*** Begin section ***

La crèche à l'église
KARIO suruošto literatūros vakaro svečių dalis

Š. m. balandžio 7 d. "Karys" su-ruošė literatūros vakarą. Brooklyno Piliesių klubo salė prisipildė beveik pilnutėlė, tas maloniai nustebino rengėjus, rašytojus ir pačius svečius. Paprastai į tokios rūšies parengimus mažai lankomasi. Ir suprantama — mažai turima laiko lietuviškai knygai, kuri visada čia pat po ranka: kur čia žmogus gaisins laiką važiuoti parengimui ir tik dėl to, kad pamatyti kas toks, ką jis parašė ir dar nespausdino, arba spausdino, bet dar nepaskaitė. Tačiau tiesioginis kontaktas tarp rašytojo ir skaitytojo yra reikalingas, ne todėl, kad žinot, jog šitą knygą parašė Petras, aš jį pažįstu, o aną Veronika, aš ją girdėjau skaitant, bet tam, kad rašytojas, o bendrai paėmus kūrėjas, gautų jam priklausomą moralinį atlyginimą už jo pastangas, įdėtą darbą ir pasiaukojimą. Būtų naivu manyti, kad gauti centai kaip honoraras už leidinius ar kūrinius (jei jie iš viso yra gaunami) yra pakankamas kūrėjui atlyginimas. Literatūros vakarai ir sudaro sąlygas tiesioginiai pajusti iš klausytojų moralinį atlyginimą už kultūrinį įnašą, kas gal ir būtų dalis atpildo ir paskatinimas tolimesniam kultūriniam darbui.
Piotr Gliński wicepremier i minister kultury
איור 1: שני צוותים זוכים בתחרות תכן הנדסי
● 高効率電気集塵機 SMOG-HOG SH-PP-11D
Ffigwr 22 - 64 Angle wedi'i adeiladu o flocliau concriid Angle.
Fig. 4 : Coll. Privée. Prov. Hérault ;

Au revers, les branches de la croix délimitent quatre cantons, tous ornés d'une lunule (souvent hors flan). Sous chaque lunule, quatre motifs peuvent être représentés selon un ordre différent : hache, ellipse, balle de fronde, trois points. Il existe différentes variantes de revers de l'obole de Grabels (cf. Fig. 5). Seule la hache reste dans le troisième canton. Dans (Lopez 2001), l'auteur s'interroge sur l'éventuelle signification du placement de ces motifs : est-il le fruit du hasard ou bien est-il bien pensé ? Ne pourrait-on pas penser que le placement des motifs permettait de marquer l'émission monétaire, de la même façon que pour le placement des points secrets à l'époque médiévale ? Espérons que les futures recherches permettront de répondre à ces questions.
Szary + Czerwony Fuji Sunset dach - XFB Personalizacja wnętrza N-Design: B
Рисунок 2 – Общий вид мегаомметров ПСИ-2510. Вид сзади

*** End section ***
*** Begin section ***

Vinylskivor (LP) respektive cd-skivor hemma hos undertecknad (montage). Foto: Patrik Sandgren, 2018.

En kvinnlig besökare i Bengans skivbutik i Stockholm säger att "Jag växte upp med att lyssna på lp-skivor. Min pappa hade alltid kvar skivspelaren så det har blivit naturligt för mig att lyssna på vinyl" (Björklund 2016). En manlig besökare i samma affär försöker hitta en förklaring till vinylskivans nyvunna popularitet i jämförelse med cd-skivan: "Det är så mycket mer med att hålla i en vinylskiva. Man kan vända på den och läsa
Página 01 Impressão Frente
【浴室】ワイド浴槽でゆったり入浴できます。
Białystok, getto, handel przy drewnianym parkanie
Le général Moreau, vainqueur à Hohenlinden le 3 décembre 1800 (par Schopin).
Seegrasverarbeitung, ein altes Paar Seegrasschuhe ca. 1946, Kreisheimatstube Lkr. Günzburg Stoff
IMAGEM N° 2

*** End section ***
*** Begin section ***

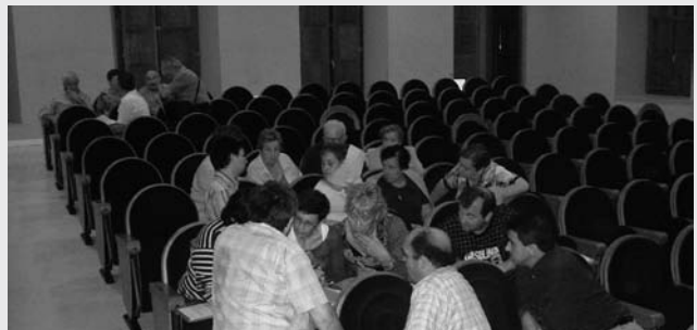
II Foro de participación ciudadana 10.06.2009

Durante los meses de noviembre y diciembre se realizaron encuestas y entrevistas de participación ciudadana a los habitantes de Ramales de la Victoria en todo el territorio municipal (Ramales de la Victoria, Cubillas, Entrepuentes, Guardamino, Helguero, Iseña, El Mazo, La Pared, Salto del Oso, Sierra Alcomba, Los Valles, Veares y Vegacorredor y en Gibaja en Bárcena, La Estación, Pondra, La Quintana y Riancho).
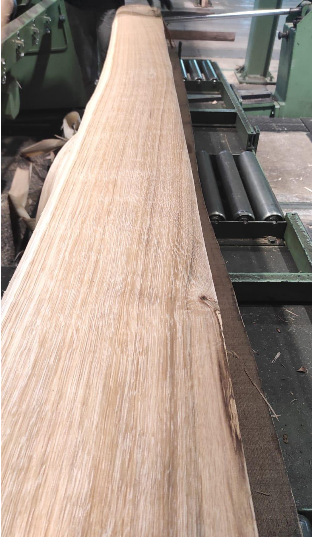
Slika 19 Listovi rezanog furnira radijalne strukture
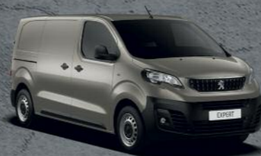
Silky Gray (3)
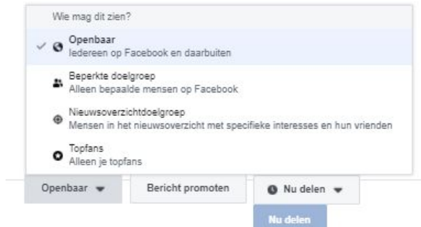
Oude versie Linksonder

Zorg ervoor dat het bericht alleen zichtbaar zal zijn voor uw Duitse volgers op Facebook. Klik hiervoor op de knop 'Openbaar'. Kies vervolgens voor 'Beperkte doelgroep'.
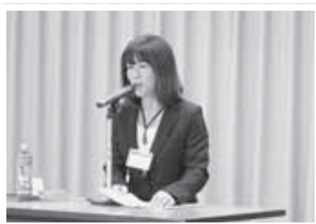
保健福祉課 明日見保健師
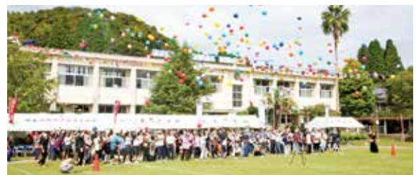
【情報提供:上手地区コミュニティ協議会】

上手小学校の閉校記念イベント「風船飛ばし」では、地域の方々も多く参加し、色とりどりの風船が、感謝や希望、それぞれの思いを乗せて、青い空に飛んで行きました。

*** End section ***

Your assignment =
Give back exactly the lines above starting at the line where "איור 1: שני צוותים זוכים בתחרות תכן הנדסי" appears and ending at the line where "Рисунок 2 –" appears, both included, with no other lines.

Worked solution =
איור 1: שני צוותים זוכים בתחרות תכן הנדסי
● 高効率電気集塵機 SMOG-HOG SH-PP-11D
Ffigwr 22 - 64 Angle wedi'i adeiladu o flocliau concriid Angle.
Fig. 4 : Coll. Privée. Prov. Hérault ;

Au revers, les branches de la croix délimitent quatre cantons, tous ornés d'une lunule (souvent hors flan). Sous chaque lunule, quatre motifs peuvent être représentés selon un ordre différent : hache, ellipse, balle de fronde, trois points. Il existe différentes variantes de revers de l'obole de Grabels (cf. Fig. 5). Seule la hache reste dans le troisième canton. Dans (Lopez 2001), l'auteur s'interroge sur l'éventuelle signification du placement de ces motifs : est-il le fruit du hasard ou bien est-il bien pensé ? Ne pourrait-on pas penser que le placement des motifs permettait de marquer l'émission monétaire, de la même façon que pour le placement des points secrets à l'époque médiévale ? Espérons que les futures recherches permettront de répondre à ces questions.
Szary + Czerwony Fuji Sunset dach - XFB Personalizacja wnętrza N-Design: B
Рисунок 2 – Общий вид мегаомметров ПСИ-2510. Вид сзади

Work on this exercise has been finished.